Méthode Efficacité Période optimale
Retournement du sol Bonne Mars-avril
Piège à appât (pomme de terre) Bonne Printemps et automne
Piège à phéromones Moyenne (adultes) Avril à septembre
Purin de fougère Répulsif modéré Avant plantation
Nématodes entomopathogènes Variable Printemps

Vers une approche biologique durable pour lutter contre le taupin fil de fer

La recherche scientifique visite des pistes prometteuses. Une étude publiée en 2021 dans la revue Crop Protection (volume 150, article 105811) a testé le champignon entomopathogène Metarhizium brunneum comme antagoniste naturel des larves. Le champignon a persisté dans les sols traités pendant huit mois et augmenté la mortalité des larves en laboratoire. D’un autre côté, une réduction significative des dégâts n’a été constatée que dans deux parcelles sur dix.
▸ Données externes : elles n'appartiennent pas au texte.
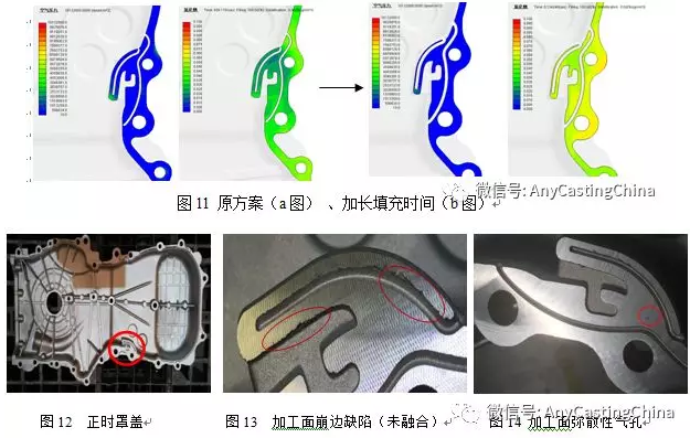 1.4判定方法驗證 選擇成熟正時罩蓋產品進行判定方法驗證,首先用現(xiàn)有工藝進行模擬。得出如圖11a的空氣壓力和氧化物含量云圖。發(fā)現(xiàn)圖示位置有卷氣大于2個大氣壓,氧化物含量在0.03~0.04g/cm3。對比方案為將低速充填時間加長,使氧化物含量增加。得到如圖11b的空氣壓力和氧化物云圖。因為充填時間加長,鋁液卷氣減少,圖示位置氣體壓力減少到1個大氣壓左右。鋁液與空氣接觸時間加長,氧化物含量增加到0.05~0.06g/cm3。通過按照上述判定方法取值計算以及實際生產參數調整驗證(如圖14、15),預測缺陷位置與實際缺陷位置一致。

La piste est sérieuse, mais la stratégie doit encore être optimisée avant d’être conseillée à grande échelle.

Les nématodes entomopathogènes constituent une autre option biologique : ils parasitent les larves dans le sol. Leur efficacité reste en revanche variable selon la température, l’humidité et la nature du sol. Je les considère comme un complément utile, pas comme un remède unique. Surtout, la lutte contre les aleurodes et d’autres ravageurs du jardin comme les cochenilles montre que les approches intégrées, combinant prévention culturale, piégeage et auxiliaires naturels, donnent les meilleurs résultats sur la durée.

Favoriser la biodiversité reste le levier le plus puissant. Haies diversifiées, mare, abris pour carabes et oiseaux, paillage : tout ce qui stabilise et enrichit le sol renforce sa résistance naturelle aux ravageurs. La lutte contre le taupin n’est pas un sprint. C’est un travail de fond, patient, qui s’étale sur plusieurs années. Mais avec des méthodes cohérentes et régulières, les résultats finissent par suivre.